CSE498, Collaborative Design, Spring 2025
Computer Science and Engineering
Michigan State University

Ally Financial, headquartered in Detroit, Michigan, is a leader in the U.S. financial services industry. Recognized as one of the nation’s largest online-only banks, Ally provides an array of online banking services to approximately 11 million customers.

Given recent increased interest in artificial intelligence, Ally Financial is experimenting with using generative artificial intelligence (GenAI) to automate various internal business processes. Research conducted thus far by Ally and others is promising, but GenAI’s novelty and complexity create concerns regarding its reliability of performance.

Currently, there is no testing framework in place to accurately assess where GenAI excels and when it should be used in business practices. Without such a framework, it is time-consuming to identify use cases where it is appropriate to apply GenAI.

Our AI System Testing Framework evaluates how a GenAI model performs on a specific task.

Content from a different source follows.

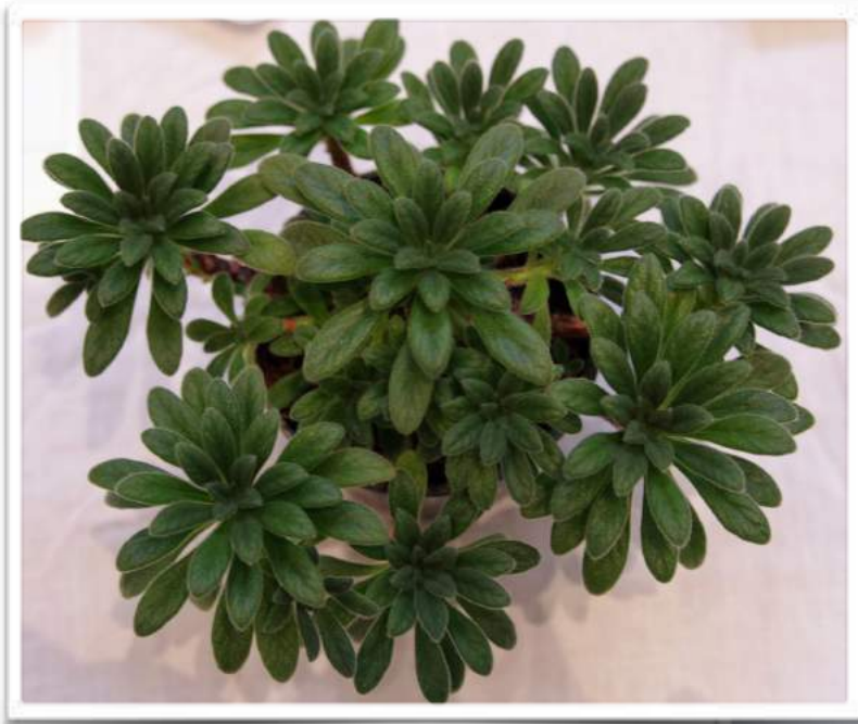
Primulina linearicalyx Brett Flewelling

Given a prompt, the application indicates how well the GenAI model responds to the prompt by displaying meaningful evaluation scores associated with the interaction such as accuracy and relevancy.

After accessing the application, a user interacts with GenAI through a chatbot-like interface. The user prompts the GenAI with a professional use case and reference response, receives an output, and is then redirected to an evaluation page. The evaluation page provides a visualization of scores on how well the AI performed for that use case. Additionally, the user views past interactions and the scores associated with those interactions.

The front end of this system is built using HTML, CSS, and JavaScript. The back end is implemented in Python and uses the Flask library to create a web application. A server provided by the MSU Division of Engineering Computing Services (DECS) is used to host a PostgreSQL database where relevant data is stored.